Она молча улыбнулась мне и помахала стаканчиком с соком. Потом я выпил пару рюмок водки, кому-то рассказал про кемеровских поэтов…
Часто приходилось пересаживаться, потому что кто-то постоянно приходил и уходил, и места было мало. Так я оказался рядом с Самаркандовой.
– Ты же писала, что ты беременная, – сказал я, – Что-то не заметно.
– Второй месяц всего, – сказала она.
– А, – сказал я, – Тебе нравится тут сидеть?
– Нет, – сказала она.
Я предложил ей погулять по Москве, и мы ушли. Она надела куртку и кеды. И уже в лифте начала рассказывать, что в далекие поездки всегда надевает кеды. У нее был сильный акцент. Но не тот, козлячий, сивушный, который образуется из смеси русского и украинского языка. А бархатистый акцент украинского интеллигента, говорящего на литературном русском. Скороговорка с мягкими интонациями.
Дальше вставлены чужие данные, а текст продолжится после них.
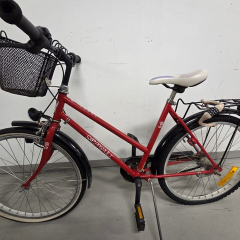 Röd Crescent damcykel med 28" hjul i stl M. Utrustad med korg fram, pakethållare bak, kedjeskydd och stöd.
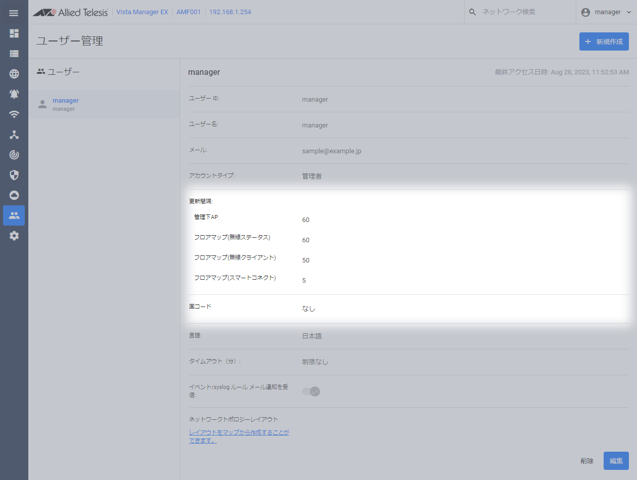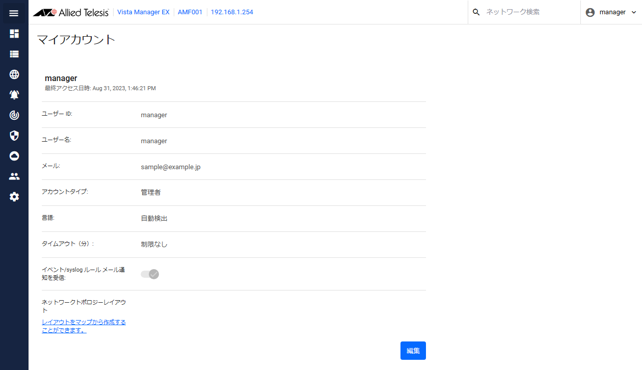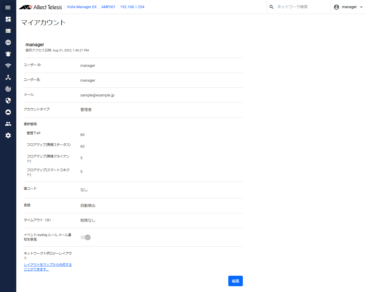「編集」ボタン | AMFネットワークの設定を変更します。NoteAMFコントローラー(またはAMFマスター)に登録されたユーザーアカウントの情報をAVM EXから変更することはできません。 |

– Ты говоришь, как моя преподавательница по зарубежной литературе, – сказал я, – Ее фамилия Тюпа, и она считает себя русской.
– Я говорю с акцентом? – спросила Самаркандова.
И даже замолчала на минуту, удивленная новостью.
Мы спустились в метро, с его резиновыми сквозняками и грохотом поездов. Вышли где-то в центре города. Прошли по Красной площади, мимо собора Василия Блаженного. На улицах было красиво, промозгло и пусто. Горели холодные огни.
Мы долго бродили, а потом Ольга замерзла, и мы вошли в неизвестный торговый комплекс. Он был большой, с экскалаторами. Там у Ольги свело ногу, и мы ждали, когда судорога пройдет.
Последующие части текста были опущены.